Cylon (Greek: Κύλων Kylon) was an Athenian associated with the first reliably dated event in Athenian history, the Cylonian Affair, an attempted seizure of power in the city.

Cylon, one of the Athenian nobles and a previous victor of the Olympic Games, attempted a coup in 632 BC with support from Megara, where his father-in-law, Theagenes, was tyrant. The oracle at Delphi had advised him to seize Athens during a festival of Zeus, which Cylon understood to mean the Olympics. However, the coup was opposed, and Cylon and his supporters took refuge in Athena's temple on the Acropolis. Cylon and his brother escaped, but his followers were cornered by Athens' nine archons.  According to Plutarch and Thucydides (1.126), they were persuaded by the archons to leave the temple and stand trial after being assured that their lives would be spared.

In an effort to ensure their safety, the accused tied a rope to the temple's statue and went to the trial.  On the way, the rope (again, according to Plutarch) broke of its own accord. The Athenian archons, led by Megacles, took this as the goddess's repudiation of her suppliants and proceeded to stone them to death (on the other hand, Herodotus, 5.71, and Thucydides, 1.126, do not mention this aspect of the story, stating that Cylon's followers were simply killed after being convinced that they would not be harmed).
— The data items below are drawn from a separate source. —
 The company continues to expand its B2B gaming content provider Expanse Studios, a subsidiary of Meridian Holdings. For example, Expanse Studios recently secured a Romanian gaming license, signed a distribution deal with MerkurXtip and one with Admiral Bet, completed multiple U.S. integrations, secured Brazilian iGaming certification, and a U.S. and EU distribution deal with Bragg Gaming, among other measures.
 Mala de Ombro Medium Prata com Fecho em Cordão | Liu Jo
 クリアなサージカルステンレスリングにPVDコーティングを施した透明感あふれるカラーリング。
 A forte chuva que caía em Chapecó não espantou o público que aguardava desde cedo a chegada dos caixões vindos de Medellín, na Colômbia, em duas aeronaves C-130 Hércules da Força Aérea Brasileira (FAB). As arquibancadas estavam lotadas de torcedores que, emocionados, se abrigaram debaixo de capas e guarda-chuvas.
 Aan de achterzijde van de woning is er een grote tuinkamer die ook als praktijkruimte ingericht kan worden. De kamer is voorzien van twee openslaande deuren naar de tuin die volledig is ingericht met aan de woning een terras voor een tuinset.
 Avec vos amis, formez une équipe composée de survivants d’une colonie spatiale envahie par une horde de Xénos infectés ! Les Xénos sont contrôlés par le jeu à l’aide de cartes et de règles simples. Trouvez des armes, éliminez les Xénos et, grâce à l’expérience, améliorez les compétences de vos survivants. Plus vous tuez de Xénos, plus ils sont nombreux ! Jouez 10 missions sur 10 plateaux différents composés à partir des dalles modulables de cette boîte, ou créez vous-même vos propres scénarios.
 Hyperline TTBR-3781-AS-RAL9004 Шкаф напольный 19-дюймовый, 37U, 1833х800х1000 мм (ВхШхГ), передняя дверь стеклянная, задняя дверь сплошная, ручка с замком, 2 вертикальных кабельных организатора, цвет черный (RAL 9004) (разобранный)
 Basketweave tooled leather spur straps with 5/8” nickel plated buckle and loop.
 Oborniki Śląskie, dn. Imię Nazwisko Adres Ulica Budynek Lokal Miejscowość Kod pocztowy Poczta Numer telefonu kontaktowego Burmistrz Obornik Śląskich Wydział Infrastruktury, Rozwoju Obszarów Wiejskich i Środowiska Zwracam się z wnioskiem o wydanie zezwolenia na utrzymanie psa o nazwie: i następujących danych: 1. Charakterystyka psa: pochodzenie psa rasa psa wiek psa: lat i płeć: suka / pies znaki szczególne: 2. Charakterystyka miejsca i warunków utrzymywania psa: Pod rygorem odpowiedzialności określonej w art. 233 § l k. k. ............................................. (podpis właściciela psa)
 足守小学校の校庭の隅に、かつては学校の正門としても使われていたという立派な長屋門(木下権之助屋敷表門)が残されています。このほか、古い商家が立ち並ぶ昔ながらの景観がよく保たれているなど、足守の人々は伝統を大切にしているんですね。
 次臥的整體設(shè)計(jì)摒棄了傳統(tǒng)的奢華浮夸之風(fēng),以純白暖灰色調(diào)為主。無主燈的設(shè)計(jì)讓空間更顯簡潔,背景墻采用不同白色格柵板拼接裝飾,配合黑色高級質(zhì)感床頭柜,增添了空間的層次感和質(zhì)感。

Most likely, the story found in Plutarch is a later invention.

Cylonian curse 
Megacles and his genos, the Alcmaeonidae, were exiled from the city for violating the laws against killing suppliants.  The Alcmaeonidae were cursed with a miasma ("stain" or "pollution"), which was inherited by later generations, even after the genos retook control of Athens. Thucydides cited that aside from the nine archons and their descendants, one unidentified family was also included in the curse. Athens was purified from it by Epimenides of Phaestus. This Cretan seer was known as a close associate of Solon and a hermit who lived in a cave of Zeus. 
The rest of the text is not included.